Zuricho commented 2 years ago

It's strange that your JAX is using CPU rather than GPU, did you well prepared the environment? Like did you install your CUDA toolkit and load your local CUDA environment

chenshixinnb commented 2 years ago

Thanks,How do I make sure JAX is A GPU version?I confirm that the run loaded the environment,previous predictions of monomer structures were also successful.

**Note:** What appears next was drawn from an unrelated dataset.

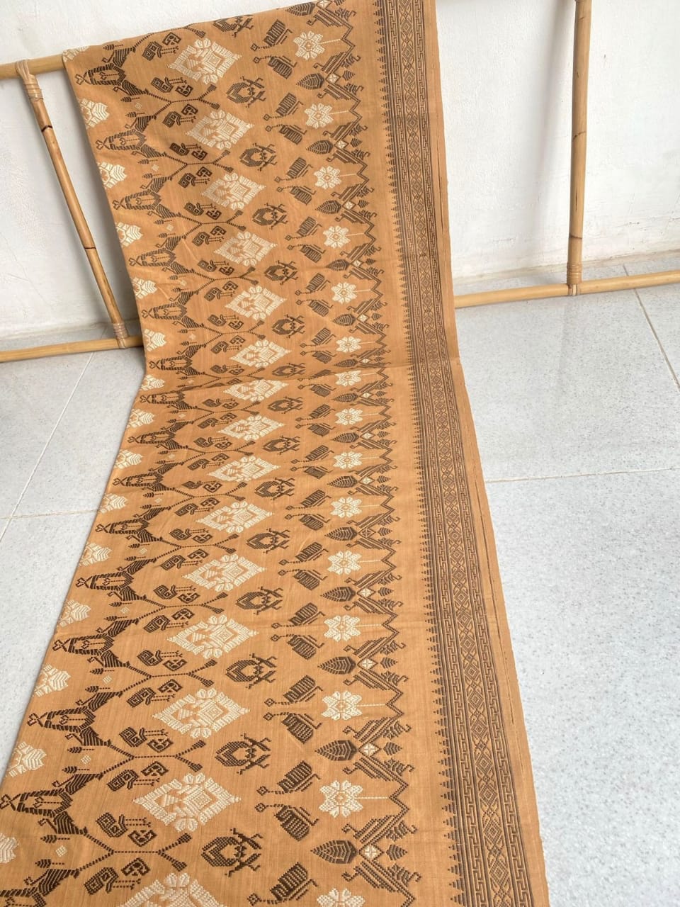Makna Motif: Motif ini terinspirasi dari tanaman simpor (Dillenia Suffruticosa) yang merupakan tanaman khas Belitung. Daun Simpor biasanya digunakan untuk membungkus makanan karena memiliki aroma yang khas dan wangi. Tanaman simpor melambangkan kebijaksanaan dan cinta universal. Perbedaan bentuk tanaman simpor mengartikan regenerasi kehidupan, keharmonisan dan saling menghormati antara yang muda dan tua. (This motif is inspired by the Simpor plant (Dillenia Suffruticosa), which is a typical plant of Belitung. Simpor leaves are often used to wrap food due to their distinctive and fragrant aroma. The Simpor plant symbolizes wisdom and universal love. The variation in the shape of the Simpor plant signifies the regeneration of life, harmony, and mutual respect between the young and the old)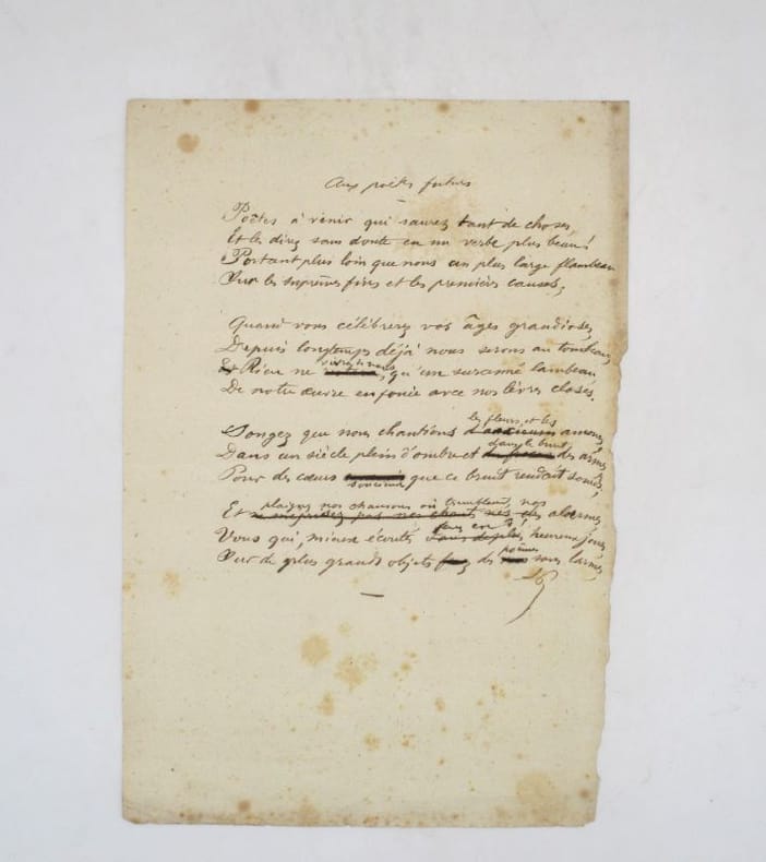 Manuscrit autographe signé de ses initiales de ce sonnet comportant plusieurs corrections et ajouts autographes. Le poème sera publié dans La Revue des deux mondes en 1873. * Membre du SLAM et de la LILA / ILAB Member. La librairie est ouverte du lundi au vendredi de 14h à 19h. Merci de nous prévenir avant de passer,certains de nos livres étant entreposés dans une réserve.

Zuricho commented 2 years ago

Yeah, it's really strange that your monomer is working and multimer models are not. Usually if your GPU cannot be detect, both monomer and multimer are not using GPU

Zuricho commented 2 years ago

To see if your program detect your GPU, you can use this:

python
>>> import tensorflow as tf; print(tf.config.list_physical_devices("GPU"))
>>> import jax; print(jax.devices())
chenshixinnb commented 2 years ago

To see if your program detect your GPU, you can use this:

python
>>> import tensorflow as tf; print(tf.config.list_physical_devices("GPU"))
>>> import jax; print(jax.devices())
>>> import tensorflow as tf; print(tf.config.list_physical_devices("GPU"))
[PhysicalDevice(name='/physical_device:GPU:0', device_type='GPU')]
>>> import jax; print(jax.devices())
WARNING:absl:No GPU/TPU found, falling back to CPU. (Set TF_CPP_MIN_LOG_LEVEL=0 and rerun for more info.)
[<jaxlib.xla_extension.Device object at 0x2ba093904930>]
Zuricho commented 2 years ago

So you indeen need to check your JAX version to ensure that your model can use GPU, maybe reinstall the environment?

chenshixinnb commented 2 years ago

OK,thanks

WishIWasBornInTheCreteaceousEra commented 2 months ago

Hi Zuricho,

Unfortunately the issue still persists as the proper model name is now model_1_multimer_v3 for the GPU part. I figured I'd leave this comment for posterity sake.